What you should do: Copy all lines below exactly as written. Leave pictures out.

Supplied data:
^^^^^^^^^^^^^^^^
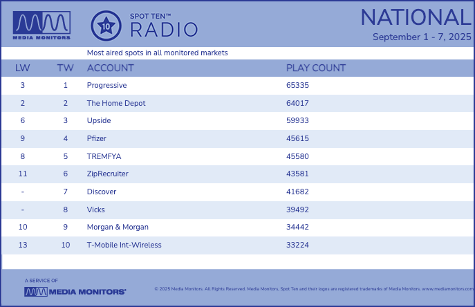 Progressive returned to the top of Media Monitors’ Spot Ten Radio rankings for the week of September 1–7. The insurer beat The Home Depot, which took second place, and is likely to disappear from the list until Black Friday. After leaping 75 spots, Sleep Number drifted out of the top ten entirely.
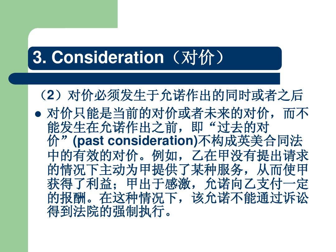 - 对价须是待履行或已履行的对价,过去的对价不能构成有效的对价;
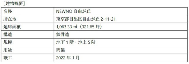 三井住友ファイナンス&リース株式会社(取締役社長:橘 正喜)の戦略子会社、 SMFLみらいパートナーズ株式会社(取締役社長:寺田 達朗、以下「SMFLみらいパートナーズ」)は、目黒区自由が丘にて開発を進めておりました商業ビル「NEWNO自由が丘」が、2022年6月23日(木)に開業することをお知らせします。
^^^^^^^^^^^^^^^^
Response area:
 Progressive returned to the top of Media Monitors’ Spot Ten Radio rankings for the week of September 1–7. The insurer beat The Home Depot, which took second place, and is likely to disappear from the list until Black Friday. After leaping 75 spots, Sleep Number drifted out of the top ten entirely.
 - 对价须是待履行或已履行的对价,过去的对价不能构成有效的对价;
 三井住友ファイナンス&リース株式会社(取締役社長:橘 正喜)の戦略子会社、 SMFLみらいパートナーズ株式会社(取締役社長:寺田 達朗、以下「SMFLみらいパートナーズ」)は、目黒区自由が丘にて開発を進めておりました商業ビル「NEWNO自由が丘」が、2022年6月23日(木)に開業することをお知らせします。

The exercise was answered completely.